Advice · Editing

Edit Until You Can’t

Our editing tale is ending, as in our final week we talk about how to know when you are done.

Week one was dedicated to getting started, week two address the biggest issues, while week three picked up smaller yet persistent problems to be on the watch for. And now you’ve done all that and you’re wondering: are we there yet?

This might be the most difficult part of them all, because the way you know you are done…is when your manuscript feels done.

Yeah, I know. Not helpful. So let me give it a metaphor, because that’s what I do.

If you’ve ever been to an earthquake-prone area, you know the paranoid feeling of feeling the floor tremble and thinking to yourself, “Is this really an earthquake?” No, it’s not it’s the neighbor doing pilates and you’re being oversensitive. But every time the couch moves for the first couple weeks, you wonder if this is it, this time, is it this an earthquake, is it now? You wonder and wonder and wonder…until the day you feel an actual earthquake, when the second it happens, you know it’s the real McCoy. You feel it in your gut.

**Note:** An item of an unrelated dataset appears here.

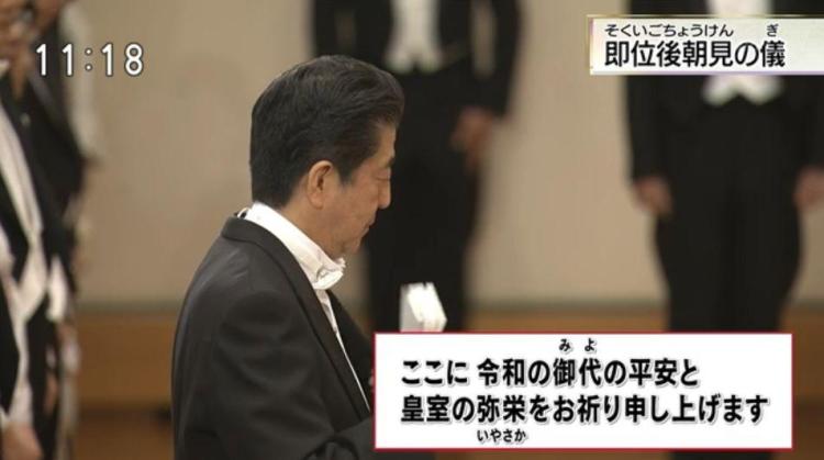 日本广播公司最新消息,刚刚,日本德仁天皇在“松之间”宫殿举行了即位后首次朝见仪式,与国民代表等进行会面,并发表了即位后首次讲话。德仁天皇讲话后,日本首相安倍晋三作为国民代表致辞。

And then you realize that your overhead light is swaying back and forth, and you never knew it’d do that, but of course it would. Because the earth is actually shaking.

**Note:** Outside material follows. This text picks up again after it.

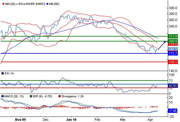 Наше мнение : Вероятен отскок до целевой точки 200.5.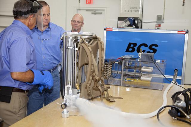 TITUSVILLE, Fla. - Representatives from NASA Kennedy Space Center, BCS Life Support, LabTech and URS prepare to demo a Cryogenic Refuge Alternative Supply System, or CryoRASS, and a smaller liquid-air filled backpack called CryoBA, short for Cryogenic Breathing Apparatus, in Titusville, Fla. The two systems are being developed by a Kennedy engineering team in collaboration with The National Institute for Occupational Safety and Health to provide miners with twice the amount of breathable and cooler air than traditional compressed systems. The technology also could be used for commercial applications, such as fire and military rescue operations, as well as NASA's future human spaceflight missions. Photo credit: NASA/Daniel Casper

Knowing your manuscript is done will feel like that. You will know it in your gut, and then the signs will start popping up everywhere.

I know that’s annoying to hear, because you’re saying, “But I’ve never been done! How will I recognize the feeling?” You will, trust me. But to help you out, here are a few of the signs you’ll see when you’re approaching done.

Editing is all about multiple passes.

I am deeply suspicious of any person or blog that states they edited their first novel once before publishing it, and for good reason. When I click—and I do click—these pieces are far too often lacking in both tightness and polish, two things that multiple passes add.

Yes, repeating this process again and again is a pain in the bum. Editing often is. The need to go through your manuscript several times slows you down at first, especially the part where you have to wait a month between passes every single time. It also means that the first book you write won’t be ready to be out there until quite possibly the second one is entirely written. Or the third one. Or the fifth.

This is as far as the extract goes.